Question

If $y$ varies inversely as twice $x$ and when $x = 3, y = 8$ how do you find $y$ when $x = 2$ ?

Answer 1

Hint:The statement: y varies inversely as x means that when $x$ increases, $y$ decreases by the same factor. To solve the inverse variation questions, we must know the equation \[y = \dfrac{k}{x}\], in which the we need to find the value of $k$ by \[k = 2x \times y\], considering the values of $x$ and $y$, then find $y$ when $x = 2$.

Formula used:
\[y = \dfrac{k}{x}\]
In which, $k$ is the constant of variation and $x$ and $y$ are the variables.
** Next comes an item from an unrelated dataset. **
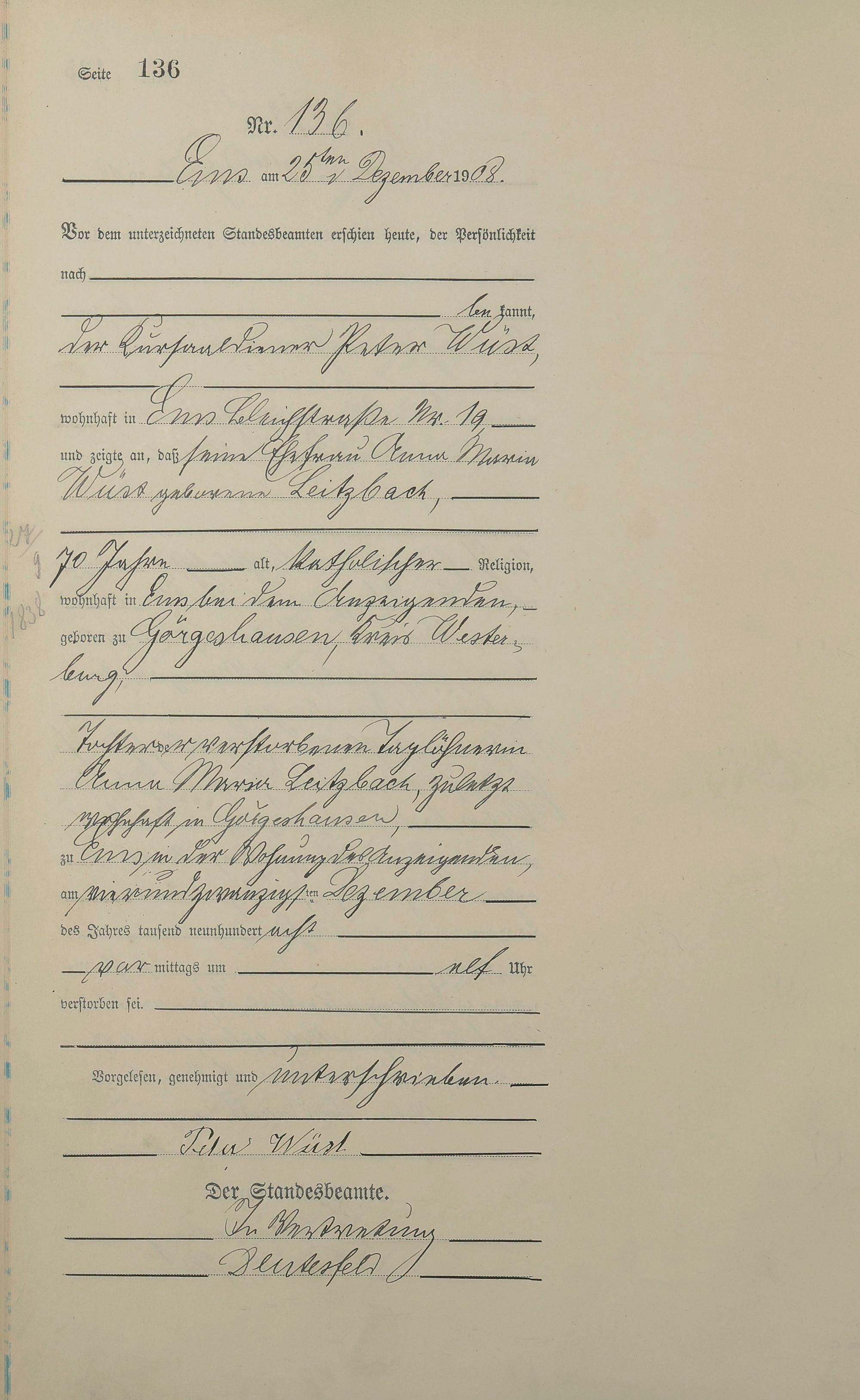 1484: Sterberegister 1908

Complete step by step answer:
Let us write the given data:
$y$ varies inversely as twice $x$,
$x = 3$ and $y = 8$
Hence, we need to find:
$y$ =? when $x = 2$
We know that the inverse variation sums are solved using the equation:
\[y\alpha \dfrac{1}{{2x}}\]
Given condition that y varies inversely as twice $x$, and when $x = 3, y = 8$ i.e.,
\[\left( {x,y} \right) \to \left( {3,8} \right)\]
Hence, by the given condition we have:
\[y = \dfrac{k}{{2x}}\]
\[ \Rightarrow \]\[k = 2x \times y\]
Substitute the value of x and y as:
\[k = \left( {2 \times 3} \right) \times 8\]
\[\Rightarrow k = 48\]
Hence, as the equation is
\[y = \dfrac{k}{{2x}}\]
As, it is mentioned in the question that x = 2, then we get
\[y = \dfrac{{48}}{{2 \times 2}}\]
\[\Rightarrow y = \dfrac{{48}}{4}\]
\[\therefore y = 12\]

Therefore, the value of y when x = 2 is \[y = 12\].

Note: Inverse variation equation are solved using the equation \[y = \dfrac{k}{x}\], here, Y varies inversely as twice x with the given values we need to find the value of y with the condition we need to find the value of k with the equation as \[k = 2x \times y\], to determine if there are any other changes in the inverse variation equation. Use the information given in the problem to find the value of k, called the constant of variation or the constant of proportionality.